No longer bound by EU law, this means that the retained EU law (which effectively replicates the EU rules in force in the UK immediately before the end of the transition period) can – subject to any future EU/UK agreement – be replaced over time by new UK laws and regulations. Divergence may therefore occur – e.g. in relation to vertical agreements where the Single Market objective has been a driver of EU competition law but will no longer be applicable in relation to the UK. However, the potential for divergence appears to be much greater than that for several reasons.

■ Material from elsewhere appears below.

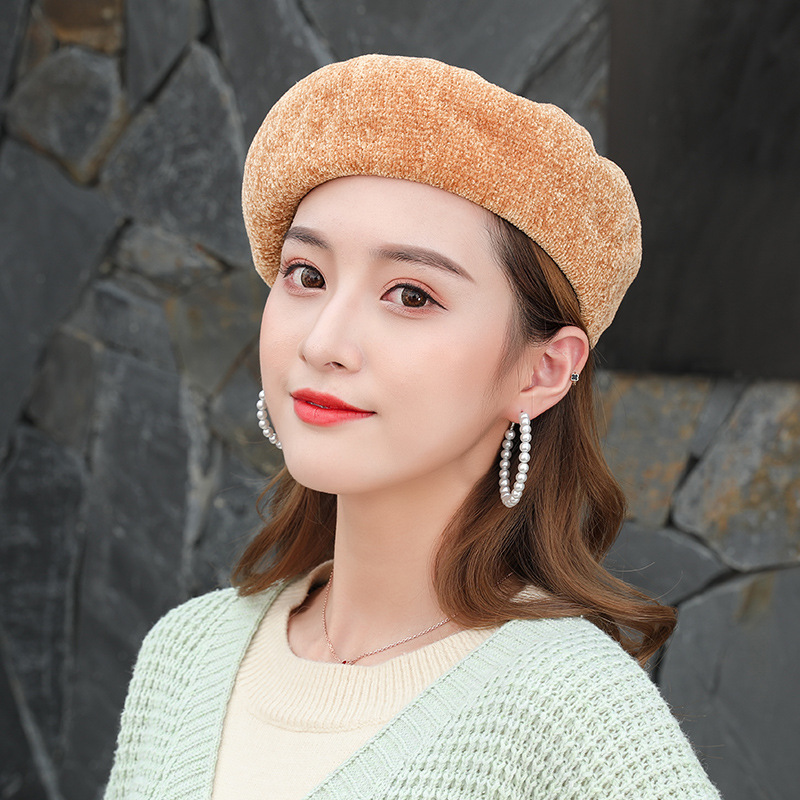 2021秋冬新款雪尼尔贝雷帽 韩版复古休闲甜美画家南瓜帽女

Brexit is occurring at a time of far reaching debates around the world about the purpose and effectiveness of competition law driven by concerns about globalisation, digitalisation and increasing wealth disparities within and between economies. Partly in response to this, the EU has launched “one of the most comprehensive reviews” of its competition law and tools, including whether to introduce a New Competition Tool which “would allow us to address structural problems, in particular in digital markets, that can’t be dealt with effectively under current rules. For example, conduct by not-yet-dominant companies aimed at monopolising a market. Or markets dominated by a few large players, with high barriers to entry.” Somewhat ironically in light of Brexit, this new tool is inspired by the UK’s market investigations regime.

As regards the UK, the Tyrie letter and the Furman report advocated changes to the UK competition law regime last year. The CMA has said “the UK has an analogue system of competition and consumer law in a digital age”. On 14 September 2020, the Treasury asked a Conservative MP (John Penrose) to prepare a “short, independent” report to be published by the end of the year examining how the UK’s competition regime “can be enhanced in the context of Covid-19 and the end of the transition period”. A CMA report on the state of competition in the UK is also forthcoming.

Conclusion

Brexit had been regarded as a seismic shock to the EU and UK competition law regimes. But viewed against the broader backdrop outlined in this note, maybe it is just the start of further changes to come?

Author:

  • Rachel Brandenburger, Senior Advisor & Foreign Legal Consultant, HOGAN LOVELLS; and Visiting Research Fellow, Institute of European & Comparative Law, University of Oxford.

Compliments of Rachel Brandenburger from Hogan Lovells – a member of the EACCNY.

[1] This note is subject to any changes brought about by any EU/UK Trade Agreement or other instrument.
[2] This figure excludes simplified filings under the EUMR.